Other gardeners use a mixture of beer, 1 parts Epsom salts and fish oil as a low-cost and efficient fertiliser.
This one’s not for the faint-hearted. Once you’ve collected a couple of traps full of bugs, pick an old or easily sanitised blender and liquidize them. Strain the result, stick it in a spray bottle and spray it on plants as an excellent natural insecticide. If you can stomach it, the mixture repels and even kills most bugs.
Plants require all kinds of minerals and nutrients, and where better to get them than in their concentrated form from common household waste? Coffee grounds and beans contain phosphorous, potassium, magnesium, copper and nitrogen, all vital for the development of healthy vegetables. In addition, caffeine is a weak but functional natural anti-fungal agent, and will even help deter slugs and snails.
Banana peels, meanwhile, are also an excellent source of potassium and calcium, as well as potash, magnesium, sulfur, phosphates and sodium. They decompose quickly and don’t smell too bad, helping you create thick, nutritious topsoil. Some gardeners blend them with water to reduce decomposition time, but either way they’re great on roses and tomatoes.
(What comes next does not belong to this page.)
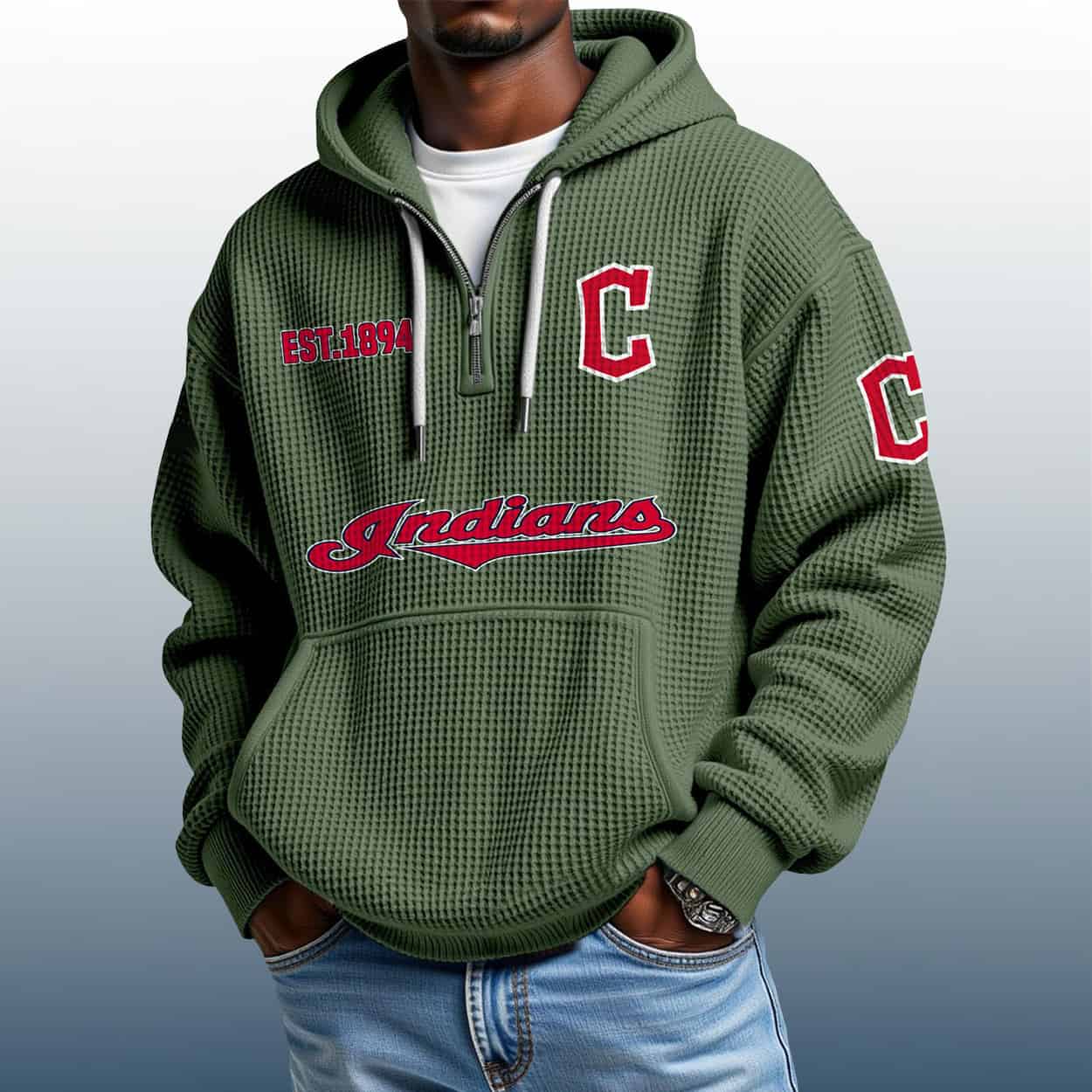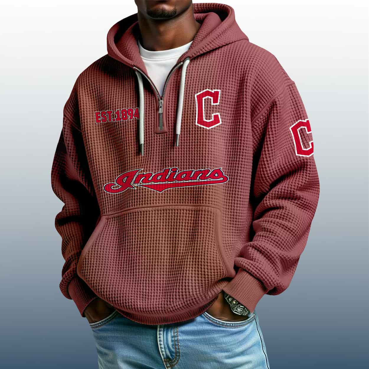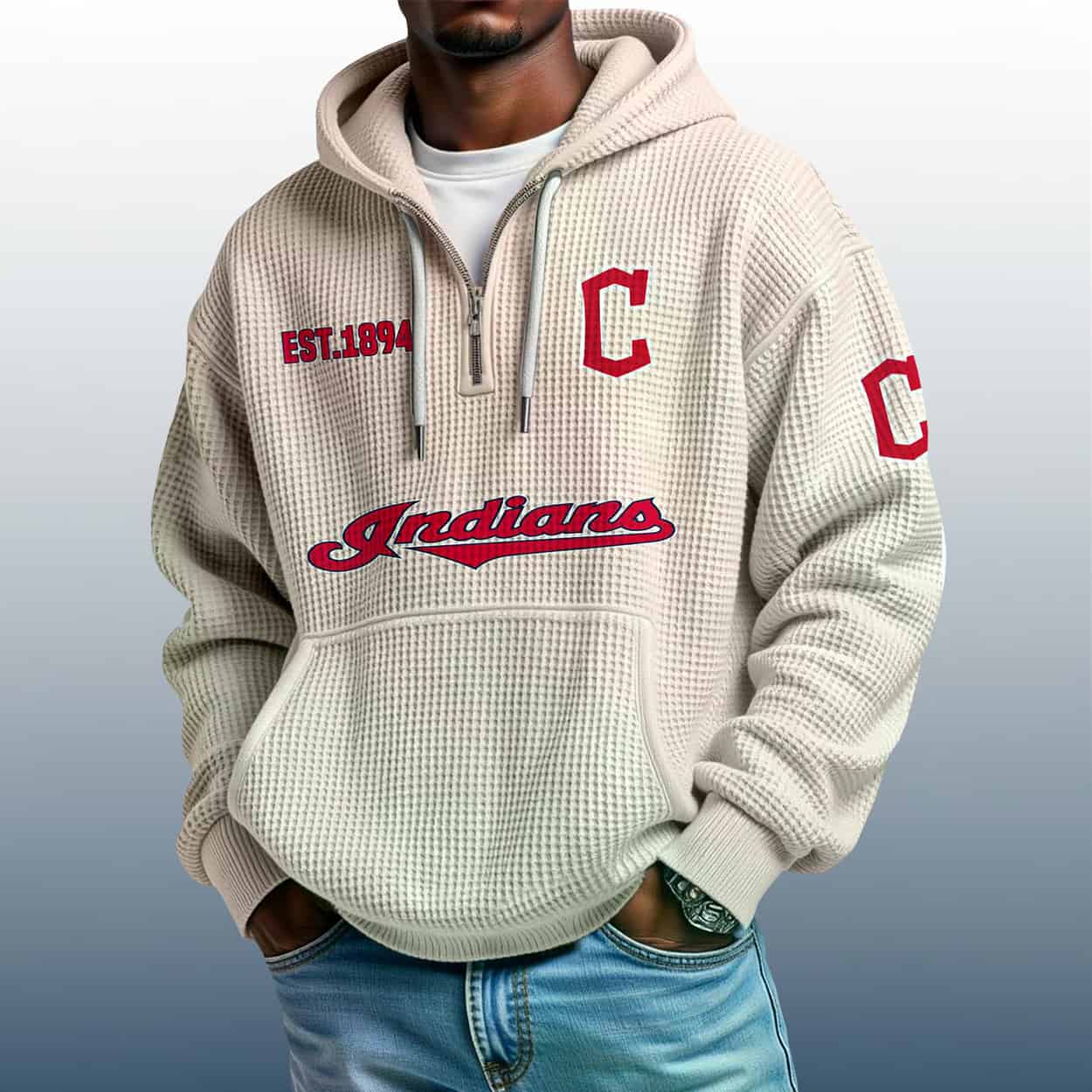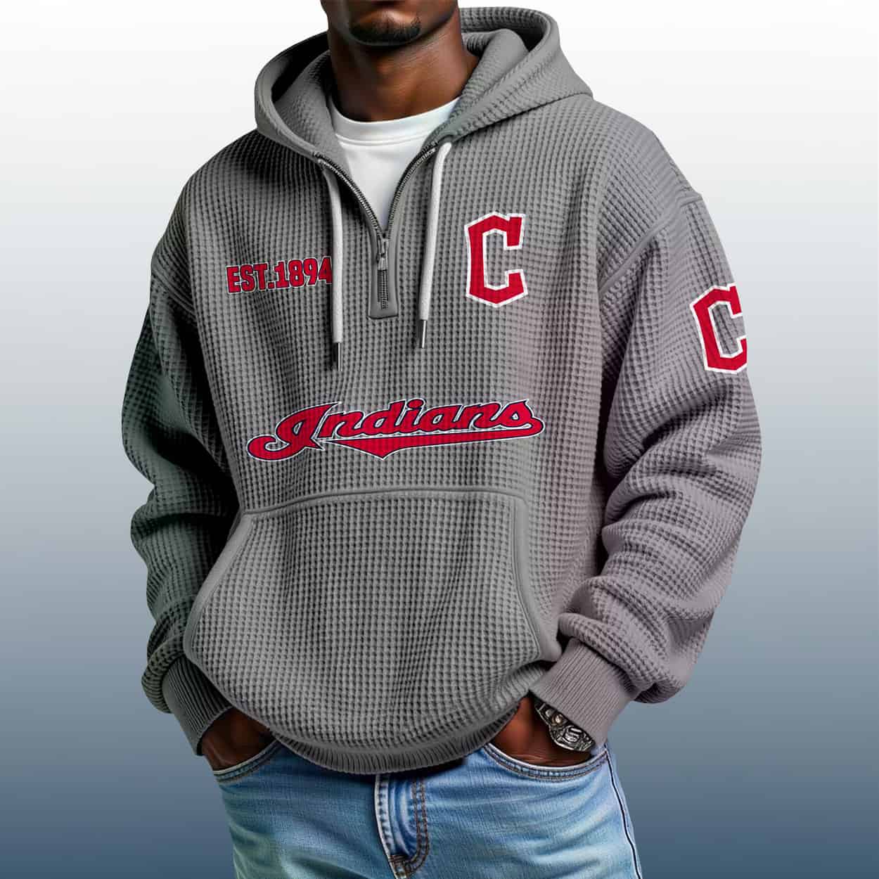 Ready to elevate your fan wardrobe? Grab the Indians Est 1894 Quarter Zip Waffle Hoodie and let your style speak volumes. It’s not just a hoodie — it’s a legacy you can wear.

Applied daily, camomile tea makes a gentle anti-fungal spray that’s perfect for nurturing and protecting seedlings, particularly during the ‘damping off’ period when they’ve been transplanted to the garden for the first time. Make a pot of camomile and wait until the leftovers have cooled, of course.
Water used to boil vegetables or pasta contains a lot of nutrients, and it’s a shame to waste it (In addition, it can contribute to ‘fatbergs’ in the pipes). Let your pan water cool instead and toss it onto your vegetable garden. If boiling eggs the water will contain plenty of useful calcium, which will help your plants grow stronger stalks.
Rain barrels and water butts are an environmentally-friendly way of watering your garden and an excellent store of water during the dry summer months, but when it gets warm they can become breeding grounds for mosquitos and other insect pests, contaminating the water and leading to lots of bites while gardening. To avoid this, you can introduce common household fish like goldfish or minnows into the barrel during the summer.
However, to keep the fish alive and thriving (there’s no need to be cruel!) there are some extra things to include – you can find out more here.
‘Keyhole Gardening’ is a recognised technique when gardening in areas with poor soil or limited space. Organise your garden and reduce the amount of topsoil you buy by planting in raised soil containers rather than in the ground. You could purpose-buy containers, but old tires, topsoil bags or even hollowed out straw bales are all excellent additions for a more homely garden. Strictly organising them by allowing each plant a square foot of distance from all other plants also helps.
This is more of a quirk of the human brain than anything particular to the plants themselves. Planting odd numbers of plants, particularly threes and fives, will make a garden look lusher and healthier.
This fine old wives’ tale actually contains a grain of truth, particularly with root vegetables like parsnips, cold temperatures and frost force the plants to convert starch into sugar to survive without sunlight, resulting in a nuttier, sweeter flavour that’s much more palatable.
Eggs and eggshells have a myriad of uses to the savvy gardener. Burying an egg in the soil creates a slow-release fertiliser source that can provide plants with all kinds of essential nutrients. Eggshells are also useful sources of calcium carbonate, so blended mixtures of shells sprinkled on flowerbeds can have excellent results.